TASK DATA:
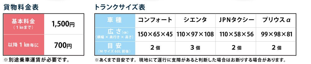 ※旅客輸送後の貨物輸送サービスのため、荷物のみの輸送は行いません
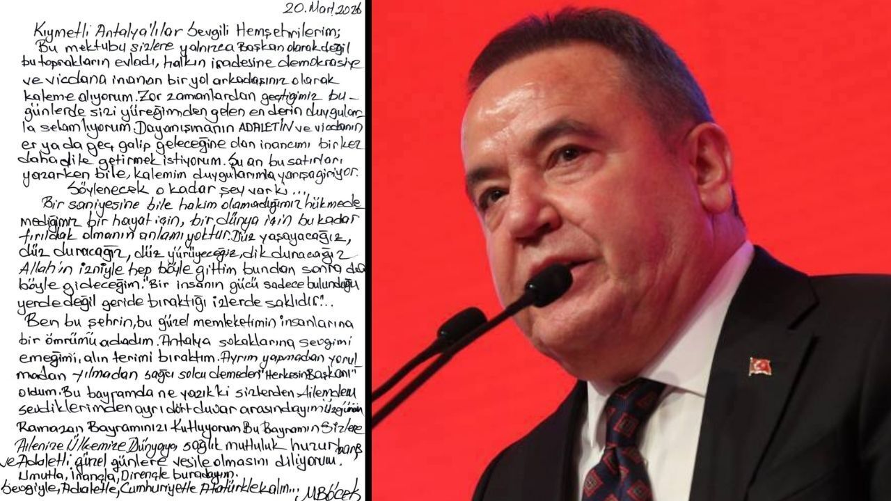 Antalyalılara hitaben kaleme aldığı mesajına Böcek “Kıymetli Antalyalılar, sevgili hemşehrilerim, Bu mektubu sizlere yalnızca başkan olarak değil, bu toprakların evladı, halkın iradesine, demokrasiye ve vicdana inanan bir yol arkadaşınız olarak kaleme alıyorum” sözleriyle başladı.
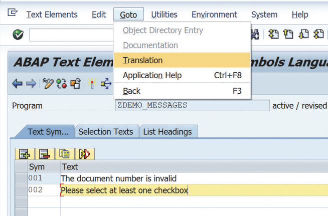 텍스트 심볼 편집기(text symbol editor)에는 "Change Text Symbols(텍스트 심볼 변경) 화면에서 Goto • Translation을 선택함으로써 각 텍스트에 대한 번역을 유지할 수 있는 옵션이 있습니다.
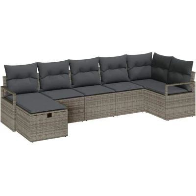 vidaXL Garden Sofa Set with Cushion 7 pcs Grey Poly rattan
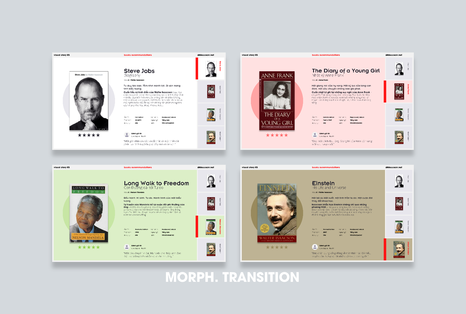 Visual Story 05 là một bộ template Morph Transition cao cấp được thiết kế để giúp bạn kể bất kỳ câu chuyện nào theo phong cách “book intro / movie intro / character profile” đầy cảm xúc.

WORK TO BE COMPLETED: Omit the pictures and reproduce the remaining material above exactly.

ANSWER BOX:
 ※旅客輸送後の貨物輸送サービスのため、荷物のみの輸送は行いません
 Antalyalılara hitaben kaleme aldığı mesajına Böcek “Kıymetli Antalyalılar, sevgili hemşehrilerim, Bu mektubu sizlere yalnızca başkan olarak değil, bu toprakların evladı, halkın iradesine, demokrasiye ve vicdana inanan bir yol arkadaşınız olarak kaleme alıyorum” sözleriyle başladı.
 텍스트 심볼 편집기(text symbol editor)에는 "Change Text Symbols(텍스트 심볼 변경) 화면에서 Goto • Translation을 선택함으로써 각 텍스트에 대한 번역을 유지할 수 있는 옵션이 있습니다.
 vidaXL Garden Sofa Set with Cushion 7 pcs Grey Poly rattan
 Visual Story 05 là một bộ template Morph Transition cao cấp được thiết kế để giúp bạn kể bất kỳ câu chuyện nào theo phong cách “book intro / movie intro / character profile” đầy cảm xúc.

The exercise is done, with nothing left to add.